Target is not afraid of boycotts

ALEXANDRIA, VA - FEBRUARY 20: Shoppers leave a Target store February 20, 2003 in Alexandria, Virginia. Target announced a modest four percent increase in profit for the fourth quarter of 2002. (Photo by Mark Wilson/Getty Images)

The CEO of US retail giant Target has said the brand won’t buckle under the pressure of a boycott backed by 1.2 million people over its trans-inclusive bathroom policy. The store introduced an inclusive restroom and changing room policy earlier this year, which allowed trans people to use the facilities of the gender they identified with.

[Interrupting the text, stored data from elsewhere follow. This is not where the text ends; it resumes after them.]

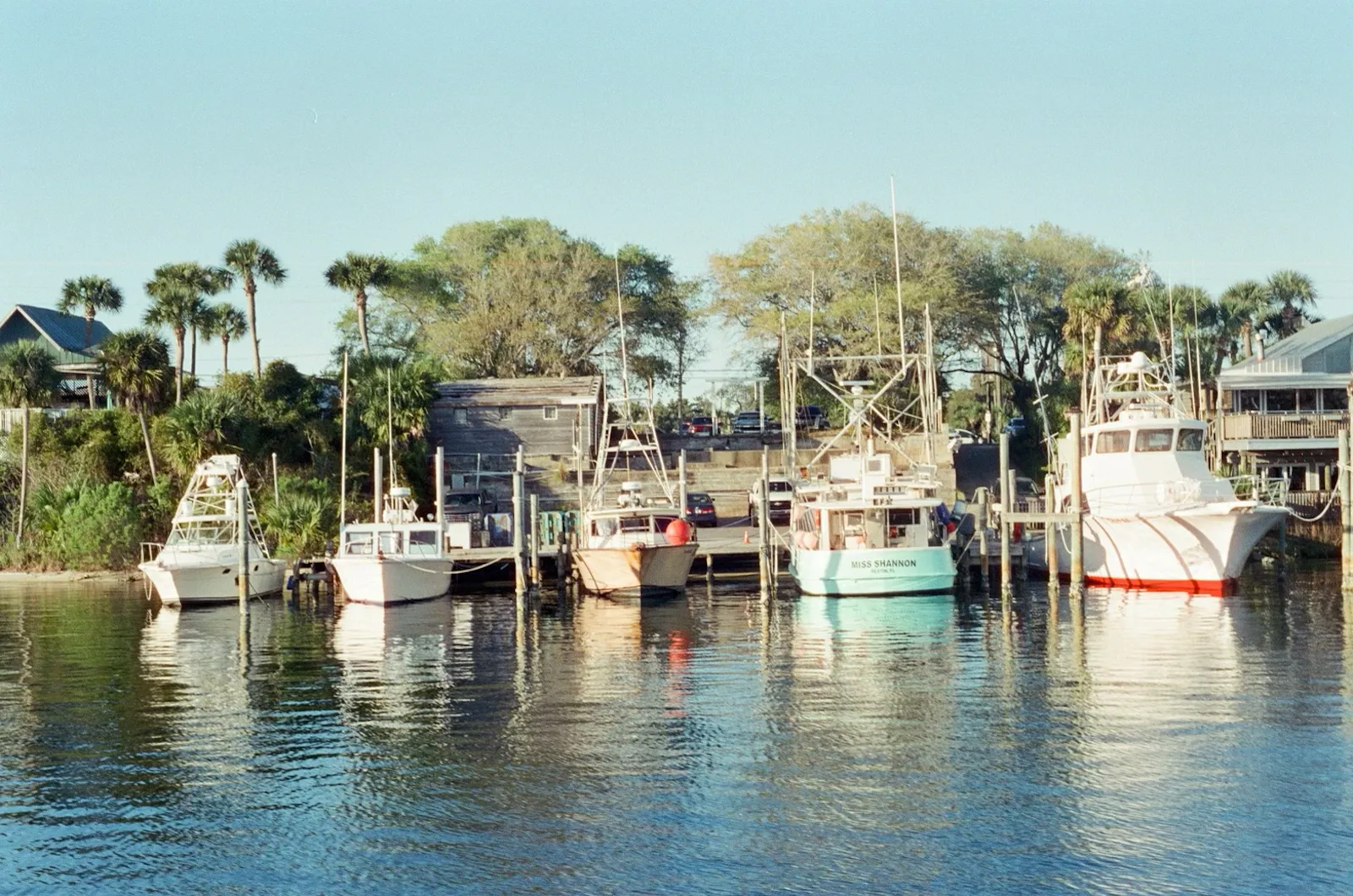 A few fishing boats docked in the Gulf of Mexico. Shot on 35MM Cinestill 400D.
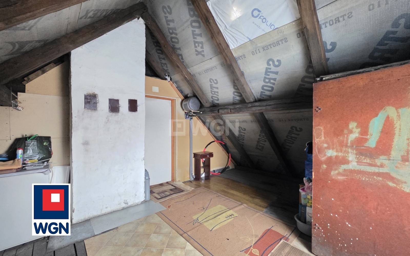 Na parterze znajduje się mieszkanie o powierzchni 49 m2 do generalnego remontu, na pierwszym piętrze mieszkanie o pow. 47,76 m2 do odświeżenia, na poddaszu wydzielony pokój o pow. 30 m2.
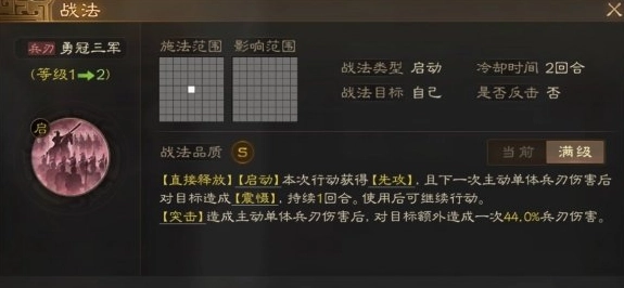 《三国志战棋版》作为一款气势恢宏的三国题材战棋游戏,以乱世三国为背景,融合了策略烧脑的战棋玩法。玩家将在此开启全新的招募与征战之旅,通过自由搭配英雄阵容,打造独特的出战组合。其中,“勇冠三军”是S级自带战法,具备强大的技能效果。为了让大家更直观地了解该战法,小编特意准备了其效果属性图,感兴趣的玩家不妨跟随小编一起,深入了解这篇关于《三国志战棋版》“勇冠三军”战法的详细介绍。

Since then, it has faced a barrage of abuse and threatened with a boycott backed by 1.2 million people.But the company’s CEO Brian Cornell spoke on CNBC’s Squawk Box on Wednesday to say Target will continue to implement its inclusive policy.Cornell said: “We took a stance, and were going to continue to embrace our belief of diversity and inclusion and just how important that is to our company.” He said the company always tries to take a stand against inequalities or discrimination. “We had a lot of tough feedback,” Cornell added, “But sitting here today, I know we made the right decision.”The company is planning to install “family restrooms” in stores that do not already have them, to make even more people feel welcome, Cornell said. Since the boycott began, some people have taken defending Target as a personal task. A fake customer service account, pretending to be Target, has been putting transphobic people in their place.